Online gaming communities are meanwhile exploring ways to integrate NFTs into their games, allowing users to buy, own and sell virtual assets while playing. Basically, if you can imagine it digitally, you can probably monetise it using an NFT, provided there is a market for it. The point of today’s article is that you cannot afford to dismiss emerging asset classes on the basis you do not understand them. In the past we proved ownership by taking physical delivery of our art and collectibles; nowadays NFTs serve as proof of ownership of digital art and collectibles. And the question becomes: Why should the first ever digital artwork by the fictional character $Hash-Ma-Millions not fetch a few million dollars? I believe that non-fungible tokens will gradually infiltrate society and eventually establish as mainstream ‘proof of ownership’ devices in multiple industries. The prices being achieved for ‘cats with pop-tart bodies’ and so-called Crypto-punks are best explained as the frenzied explorations, by often irrational speculators, of an exciting, emerging trend. 

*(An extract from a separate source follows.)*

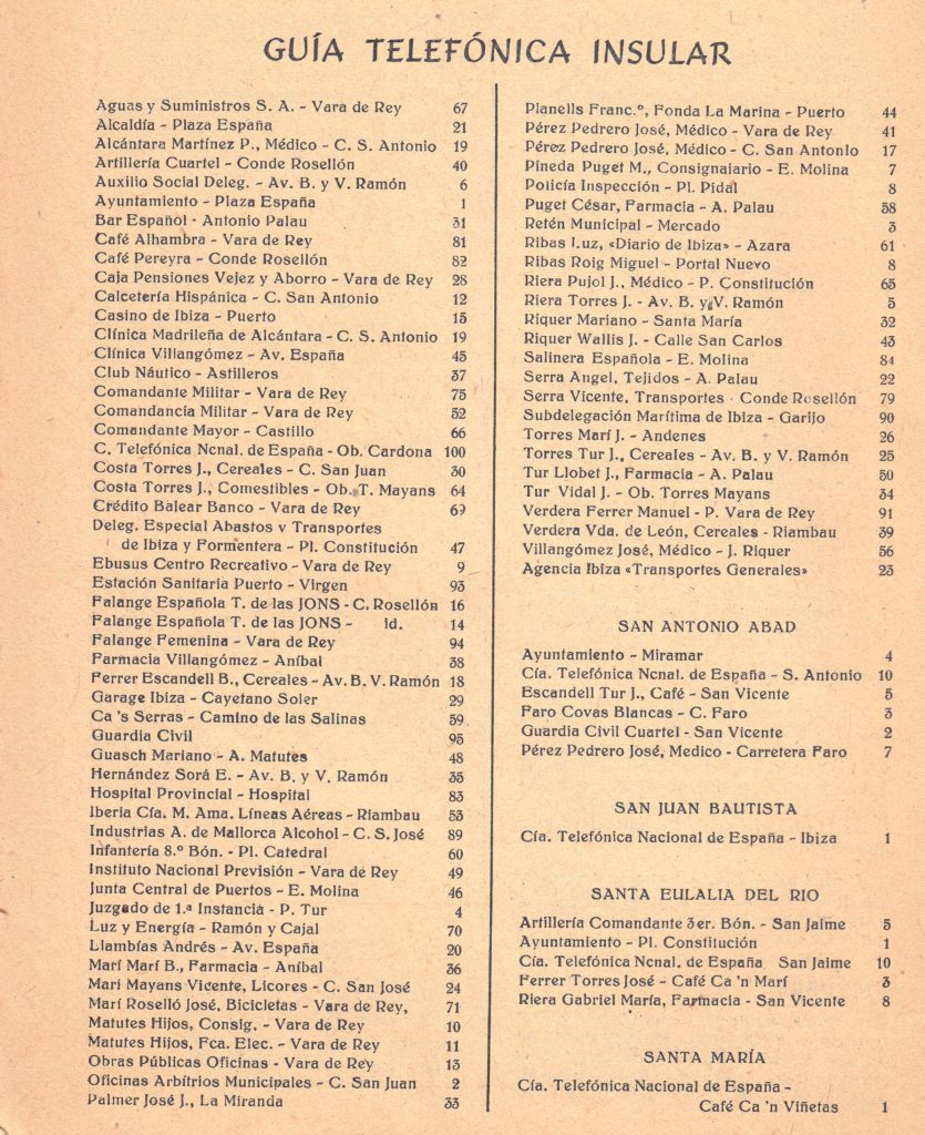 Coberta del primer numero d’El Pitiuso, de 1945, en què la guia telefònica d’Eivissa que hi apareix cap en una sola pàgina (col·lecció JAR).

You meant fungus, not fungible, you fool!

Returning to the ‘special instruction for mushroom pizza’ opening, it appears the fungible I was initially musing over was meant to be fungus. As in: Fungus blurs into mushroom and morphs to mushroom pizza. Fungible, or fungibility, is actually an economics-linked phrase that has been around for decades. Once again, we turn to Wikipedia.org for a quick definition of fungibility as “the property of a good or a commodity whose individual units are essentially interchangeable, and each of its parts is indistinguishable from another part”. Gold is a fungible because it can be divided infinitely into lower weight and the properties of a fine ounce of gold are indistinguishable from a kilogram bar. The US Dollar and everybody’s favourite, Bitcoin, are fungible too. 

The great irony is that if you or I head out into the Interweb we will need have to use fungible tokens like Bitcoin, Ether or US Dollars to buy non-fungible tokens. And my last word on the matter: Look out; perhaps soon I will publish articles such as this as NFTs in an attempt to create a world first $1 million article.